The ratio is usually looked after on a trailing basis, meaning the last 12 months, and on a forward-looking basis, going from 1 to up to 2 years ahead.

Price-to-book ratio (P/B)

It measures the market value of a stock relative to its book value. The ratio represents how much an investor would be willing to pay for a company if it would liquidate all of its assets and repaid all of its liabilities (such as debt).
Obviously the higher the ratio, the higher valued the company is.  


It measures the value of a company to its operating profit (EBITDA). It's one of the most popular used measures to value a company.
Unlike the P/E ratio, which is purely based on market capitalization, this ratio looks at the firm's value comprising not only of its equity (i.e. market capitalization) but as well debt plus any minority interests.  

Earnings per share

It's the company's net profit divided by the number of shares outstanding. It measures how much money a firm makes for each share.

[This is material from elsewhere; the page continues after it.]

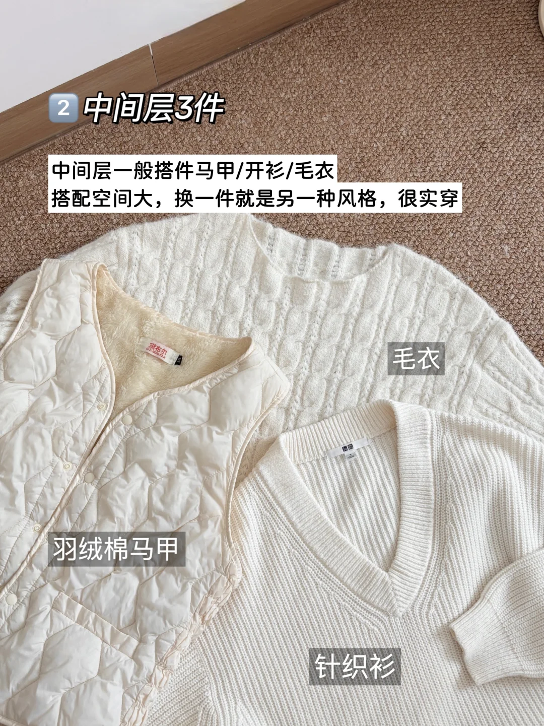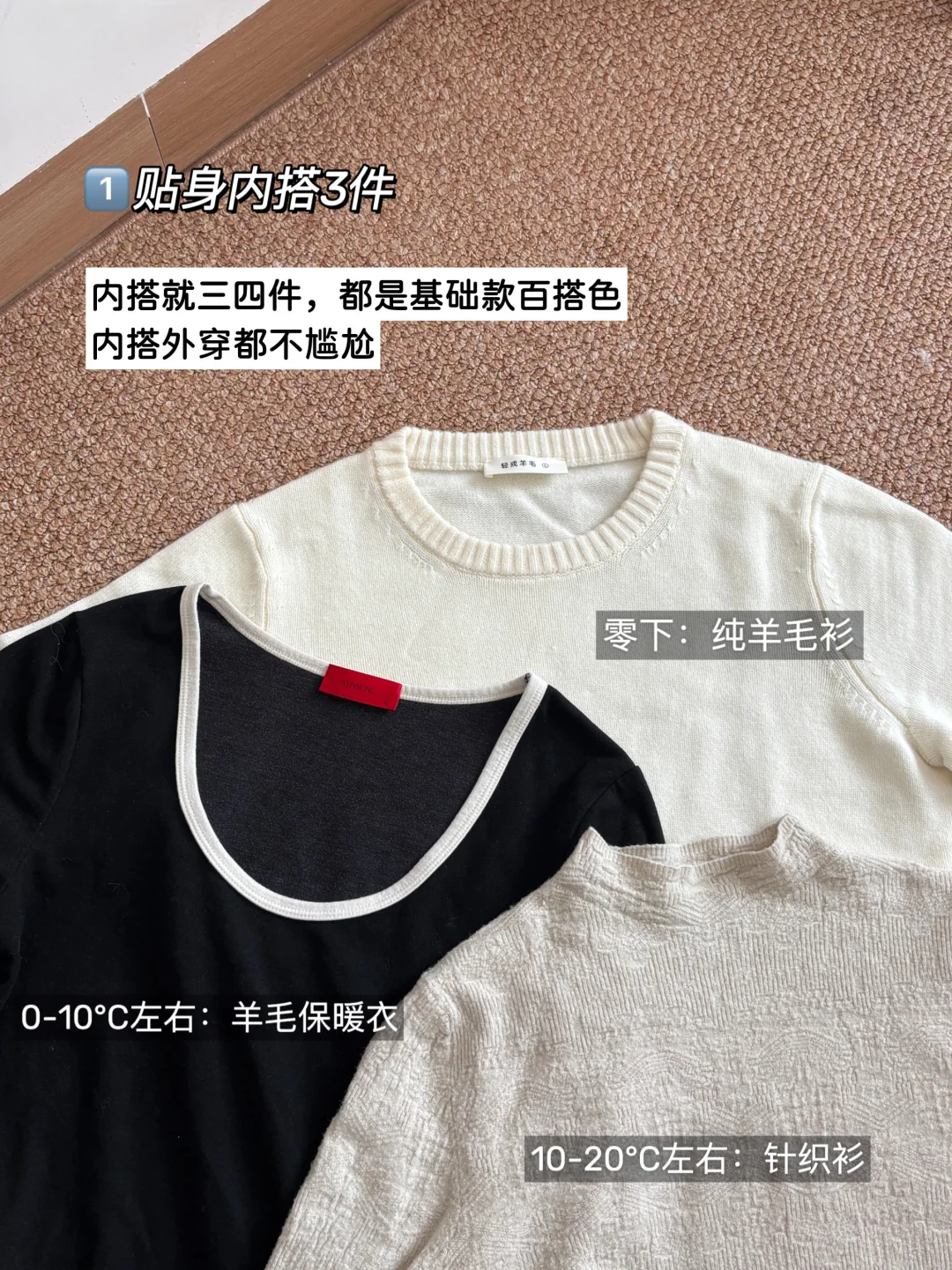 今年秋冬尝试了三层穿衣法 我发现根本不需要买太多衣物 就能兼顾保暖与体面,只需十几件单品 就能轻松应对从20°C到-10°C的温差变化 - 🟤 分享我的三层穿衣法: ✔️ 外层防风锁温 ✔️中层保暖美观 ✔️内层舒适亲肤 - 3层穿衣法不仅轻便保暖,还省钱省精力!! -

While earnings growth is important, you shouldn't just look at earnings when analyzing a stock, rather judge it in relation with the share price (P/E ratio)

Dividends per share

It's the company's paid dividends divided by the number of shares outstanding. It measures how much dividend a firm pays out to its shareholders for each share they hold. Not every company will pay dividends, as some may prefer to reinvest the extra earned cash into the company. A well-known example for this is Amazon!

Payout ratio

It represents in percentage points how much of a company's earnings are paid out to shareholders as dividends. The higher the better, however only until a certain point. A payout ratio over 100% indicates that the company is paying out more in dividends that it earnings can support, which can be seen as unsustainable.